A: The consumer does not always get what the consumer wants, nor should they. I am a consumer of computers and I think IBM should give laptops to my staff for free. That is an obvious unrealistic "want" and easy to understand how IBM would be under no obligation to give me (the consumer) what I want.

While it is a little subtler in the areas we are discussing, it is still the case. The consumer does not always get what they want. Consumers want all brokers to provide full service including fiduciary responsibilities and not charge more than $500 to list and sell a home. They can "want" all they want. If consumers want advanced technology available at websites, then let brokers offer it and they will prosper and those who do not offer it will perish, let the market take care of itself...but this strays from the listing question.

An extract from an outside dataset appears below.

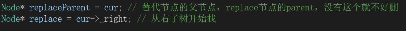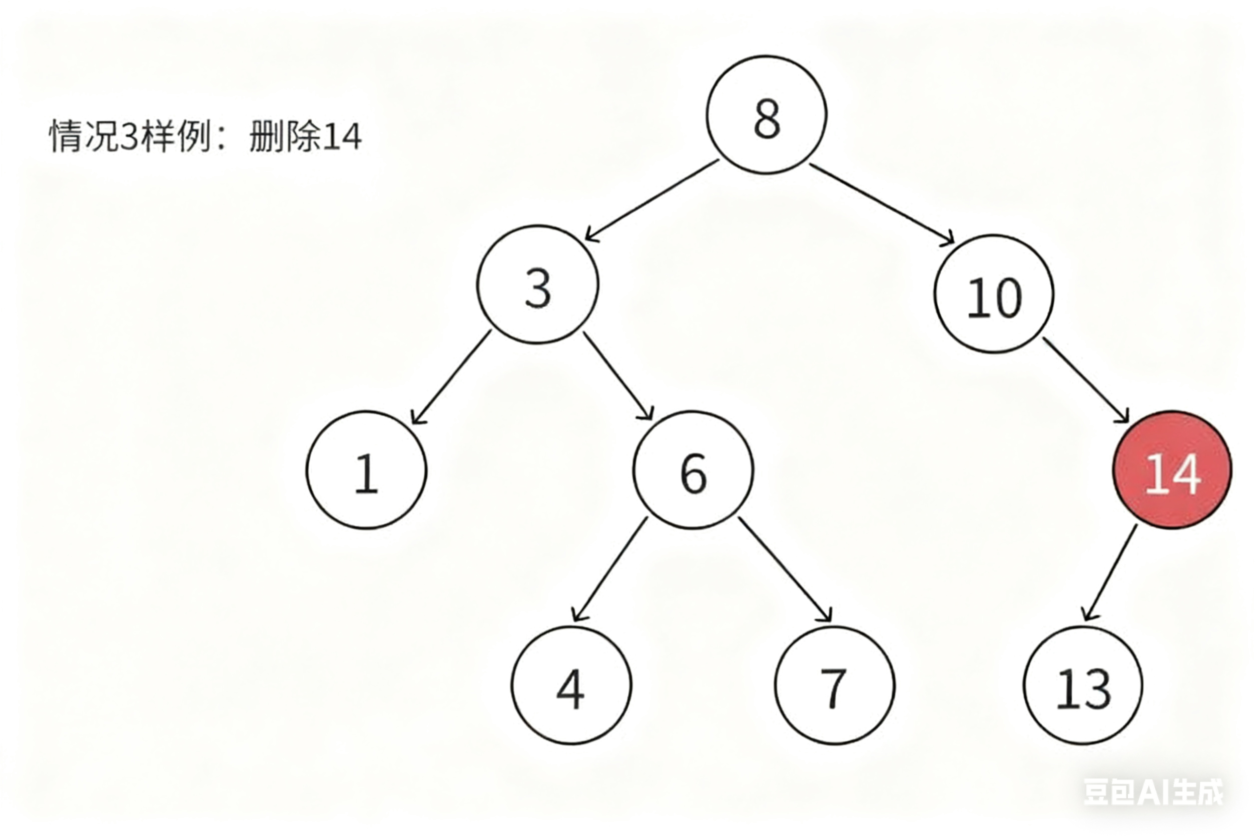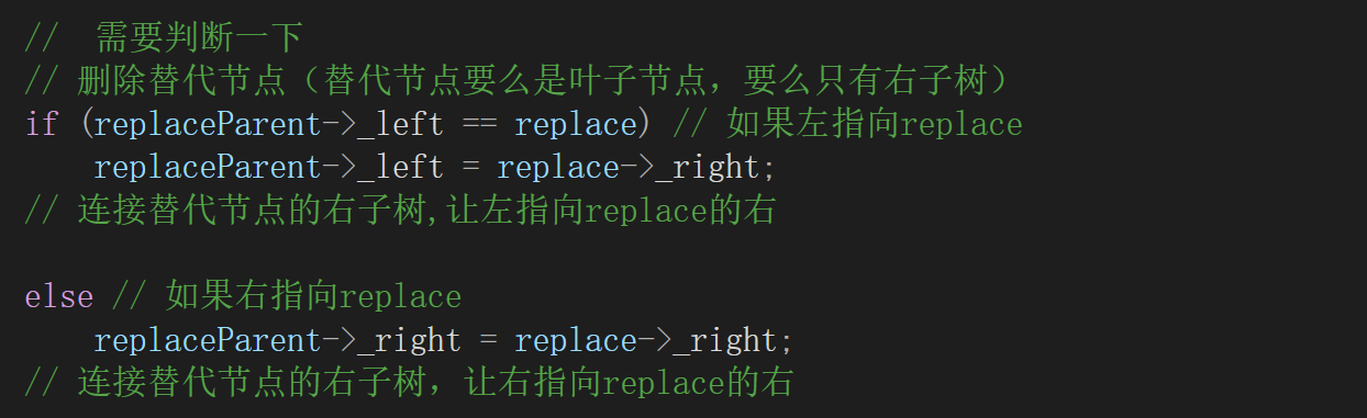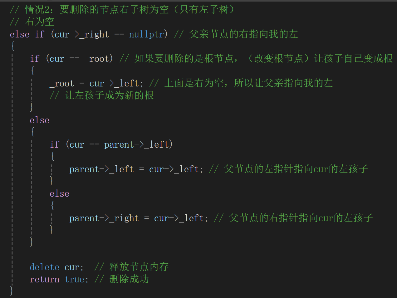 // 搜索二叉树这个部分,删除是很麻烦的,先找到再删除,找到不难,但是删除很难// 面试如果考,一定不会考插入、查找,肯定会考删除bool Erase(const K& key){Node* parent = nullptr; // 记录当前节点的父节点Node* cur = _root; // 从根节点开始搜索// 1、查找要删除的节点while (cur){if (cur->_key < key) // 目标key比当前节点大,向右子树搜索{parent = cur;cur = cur->_right;}else if (cur->_key > key) // 目标key比当前节点小,向左子树搜索{parent = cur;cur = cur->_left;}else // 找到要删除的节点cur——要干掉的节点{// 情况1:要删除的节点左子树为空(只有右子树或没有子树)// 左为空if (cur->_left == nullptr) // 父亲节点的左指向我的右{//if (cur == parent->_left) // 13没删掉if (cur == _root) // 如果要删除的是根节点,(改变根节点)让孩子自己变成根{_root = cur->_right; // 上面是左为空,所以让父亲指向我的右// 让右孩子成为新的根}else{// 判断cur是父节点的左孩子还是右孩子if (cur == parent->_left) // 父亲节点的左指向我的右,父节点的左指针指向cur的右孩子{parent->_left = cur->_right; }else // 父亲节点的右指向我的左{parent->_right = cur->_right; // 父节点的右指针指向cur的右孩子}}delete cur; // 删除cur,释放节点内存return true; // 找到了,删除成功}// 情况2:要删除的节点右子树为空(只有左子树)// 右为空else if (cur->_right == nullptr) // 父亲节点的右指向我的左{if (cur == _root) // 如果要删除的是根节点,(改变根节点)让孩子自己变成根{_root = cur->_left; // 上面是右为空,所以让父亲指向我的左// 让左孩子成为新的根}else{if (cur == parent->_left) {parent->_left = cur->_left; // 父节点的左指针指向cur的左孩子}else{parent->_right = cur->_left; // 父节点的右指针指向cur的左孩子}}delete cur; // 释放节点内存return true; // 删除成功}// 情况3:要删除的节点左右子树都不为空(最复杂的情况!!!)else // 左右均不为空{// 策略:用右子树的最小节点(中序后继)来替代当前节点// 找cur右子树的最小节点替代Node* replaceParent = cur; // 替代节点的父节点,replace节点的parent,没有这个就不好删Node* replace = cur->_right; // 从右子树开始找// 在右子树中一直向左找,找到最小的节点(最左节点)while (replace->_left) // 找最左节点,不为空就继续,等于空就找到了{replaceParent = replace; // 把replace给过去,每次都给replace = replace->_left; // 左不为空,就不断往左边找}// 用替代节点的值覆盖要删除节点的值cur->_key = replace->_key; // 不需要交换,替代的本质是把replace节点的值传过去// 需要判断一下// 删除替代节点(替代节点要么是叶子节点,要么只有右子树)if (replaceParent->_left == replace) // 如果左指向replacereplaceParent->_left = replace->_right; // 连接替代节点的右子树,让左指向replace的右else // 如果右指向replacereplaceParent->_right = replace->_right; // 连接替代节点的右子树,让右指向replace的右delete replace; // 释放替代节点内存,彻底删除replacereturn true; // 删除成功}}}return false; // 没找到删除的节点,直接return false}

If I take the listing, pay for pictures and virtual tours, advertise in newspapers, put up signs, etc., all on a contingency of payment (commission), I should have the right to decide if I want my competitors to use my "capital" to their advantage. If I want to, fine, if I don't want to, that should be fine as well and if consumers don't like it, they can list somewhere else, it is a free country, or at least it should be.

Q: In an MLS, are we not cooperating to bring buyers to the seller? You have the listing and I have my source of clients. I will show them what listings I want to, and if you and I have been cooperating with each other and you are offering a reasonable split on the transaction, I will bring the buyer and my work will be equal to your work by potentially attracting the buyer. You win, and I win - real cooperation.

A: No, I am going to work to sell the listing myself, or have an agent from my office or branch office sell it. You are an agent of "last resort." I have selling clients as well...and I want more selling clients and my listings allow me to attract selling clients. I am in the "selling client" business as well as the listing business. Also, everyone knows I work much harder than you, so I will end up doing a lot of your work. Cooperation does not mean compensation - we need to make sure we are clear about that. As a member of the MLS, I agree with making you an offer of compensation.

Q: You and I have often had a coffee together and visited each other's open house walk-throughs and my understanding was that you wanted me to bring my buyers to the table. Why do you now want to make it so difficult for me to do that? If what you are saying is that you are only doing all of this so that you can have me do all the work with the buyer, but in the end, they ditch me and call you, well, I don't know if I find that very cooperative?

A: Don't mistake my good nature for charity. This is a fiercely competitive business. I can be competitive and drink coffee at the same time. Also, don't mistake cooperation with friendly. I can be cooperative in the transaction and not be friendly.

Q: If I take the listing, pay for pictures and virtual tours, advertise in newspapers, put up signs, etc., all on a contingency of payment (commission), should I have the right to decide if I want my competitors to use my capital to their advantage?

A: Yes you should.

Final Note

Real estate compensation is "contingency based." Brokers and Agents "work for free" most of the time.

Brokers only get paid if the listing sells. If it does not sell, they have invested not only time but cash. When brokers list, they work on a contingency. Most other occupations that work on contingencies charge a lot more than 6%. Attorneys charge 30% to 50% when they work on a contingency fee arrangement.